After the line containing "Single D6 or", copy nothing more; up to and including it, copy every line of the listing exactly from the first, leaving out the pictures.

========

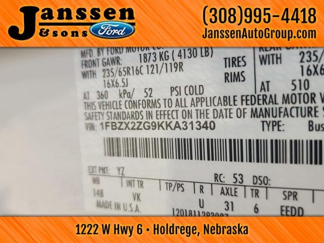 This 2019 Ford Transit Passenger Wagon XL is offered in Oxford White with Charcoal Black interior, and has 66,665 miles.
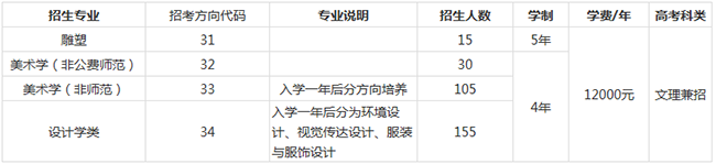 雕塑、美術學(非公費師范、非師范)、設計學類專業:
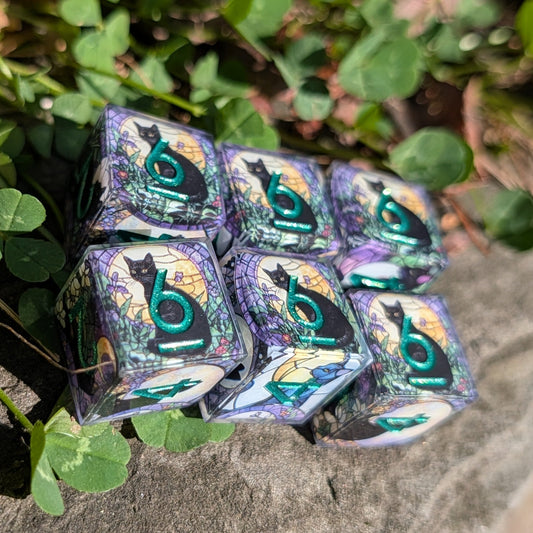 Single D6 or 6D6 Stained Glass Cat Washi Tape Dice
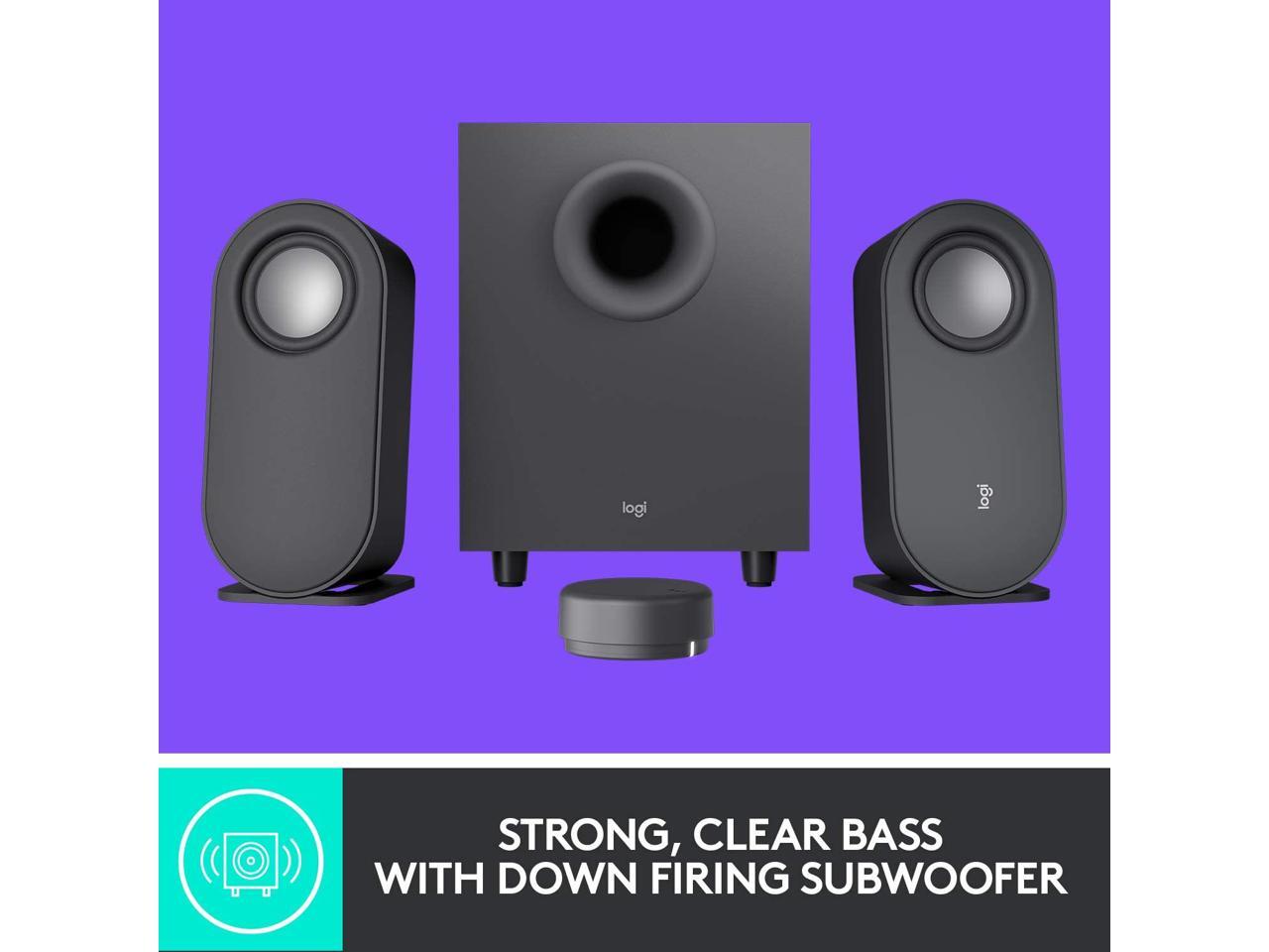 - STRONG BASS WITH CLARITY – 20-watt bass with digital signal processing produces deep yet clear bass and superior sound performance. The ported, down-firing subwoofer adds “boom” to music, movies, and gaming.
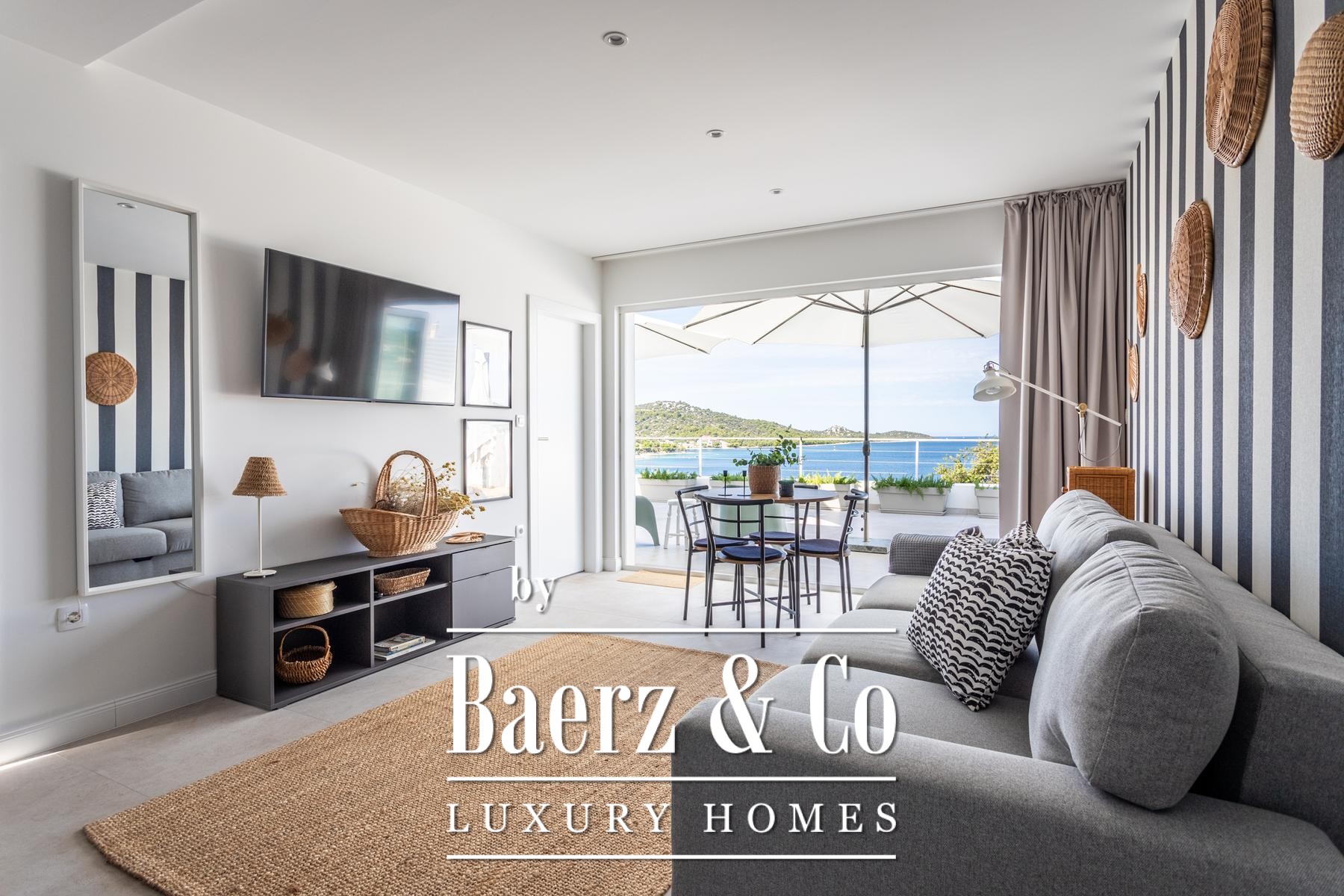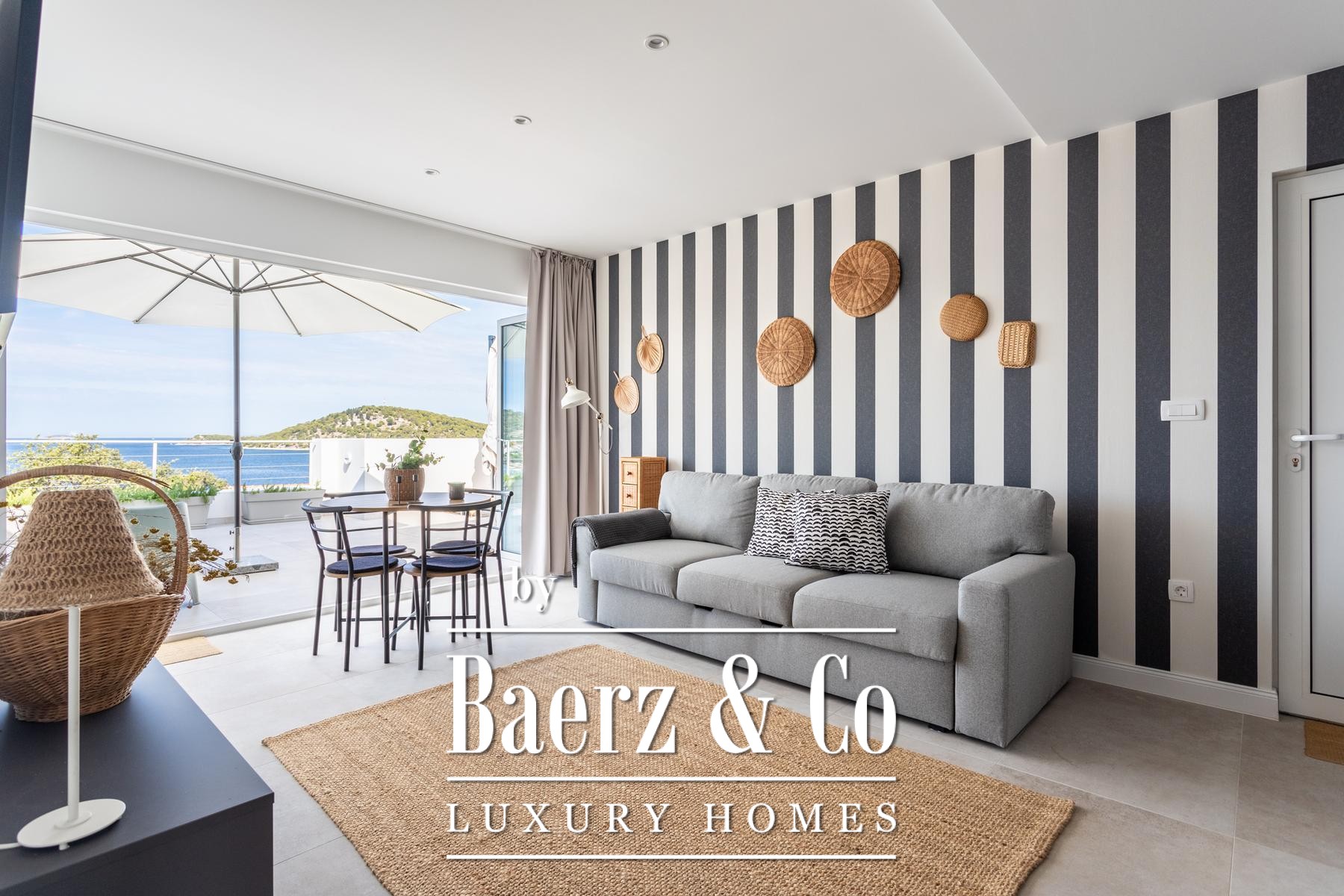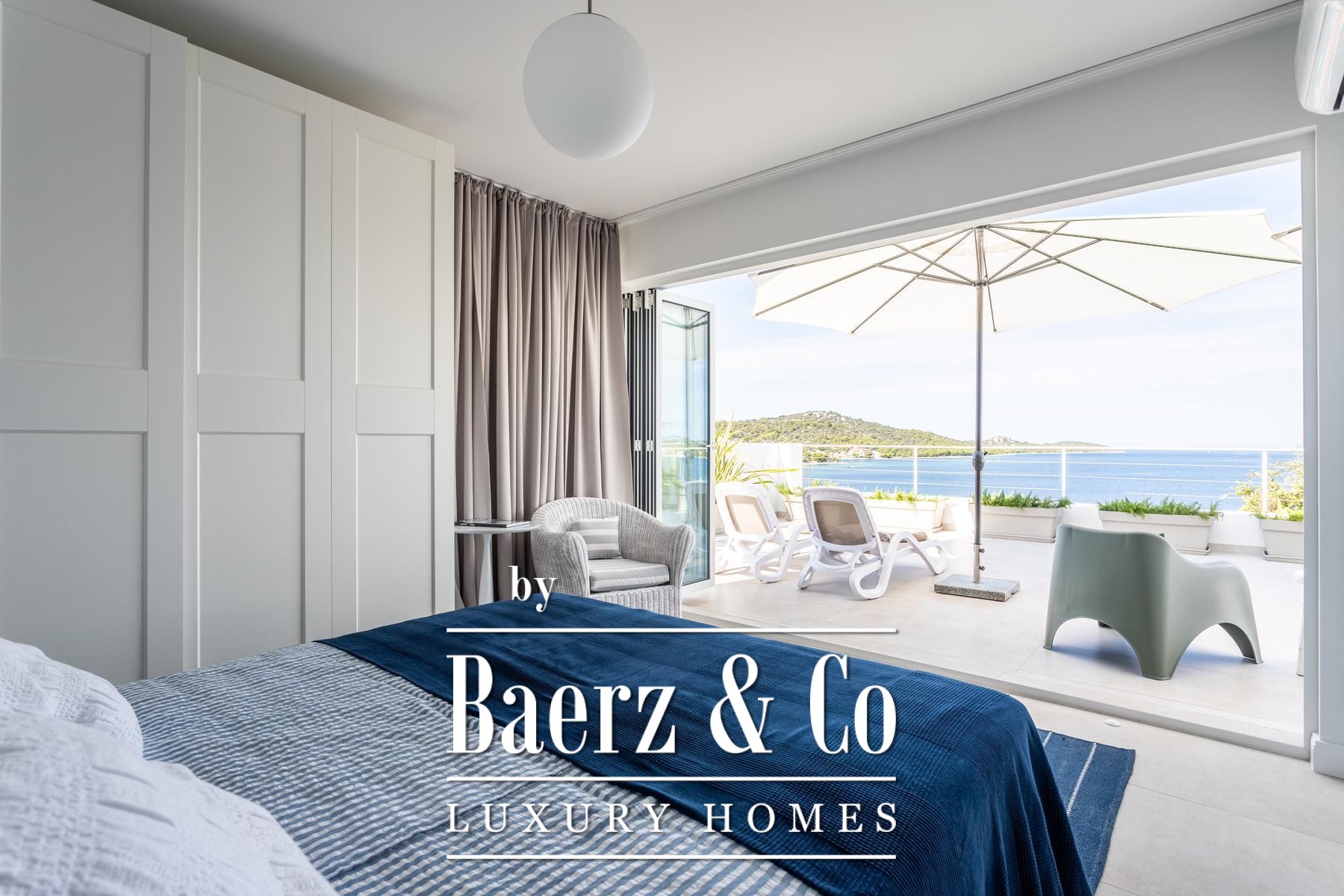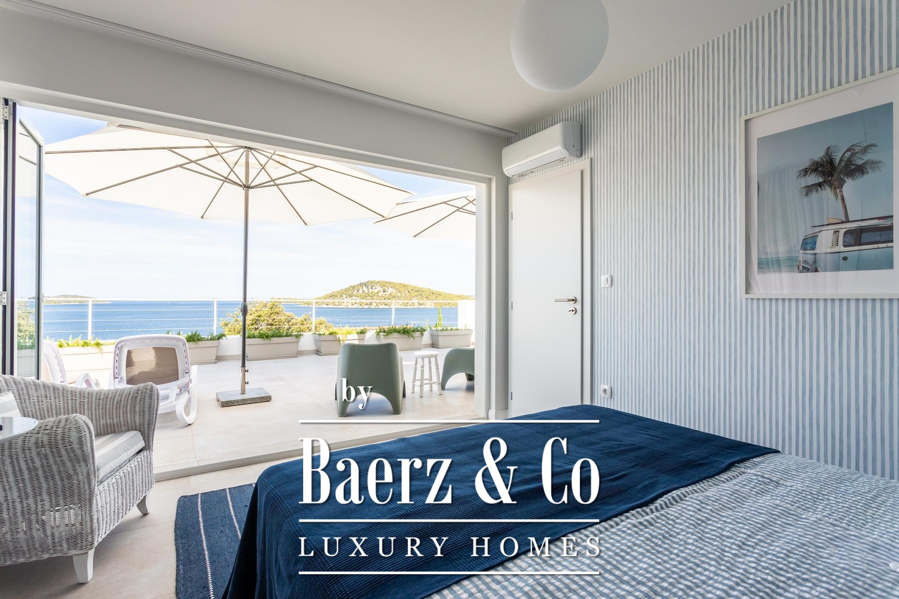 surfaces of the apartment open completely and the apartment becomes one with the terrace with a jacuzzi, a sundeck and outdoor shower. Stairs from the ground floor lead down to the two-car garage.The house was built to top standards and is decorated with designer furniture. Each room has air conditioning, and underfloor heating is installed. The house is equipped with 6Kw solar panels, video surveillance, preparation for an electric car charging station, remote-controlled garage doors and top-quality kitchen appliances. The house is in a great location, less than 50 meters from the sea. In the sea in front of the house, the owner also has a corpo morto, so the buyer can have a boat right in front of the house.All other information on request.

========

§ OUTPUT FOR THIS TASK:
 This 2019 Ford Transit Passenger Wagon XL is offered in Oxford White with Charcoal Black interior, and has 66,665 miles.
 雕塑、美術學(非公費師范、非師范)、設計學類專業:
 Single D6 or 6D6 Stained Glass Cat Washi Tape Dice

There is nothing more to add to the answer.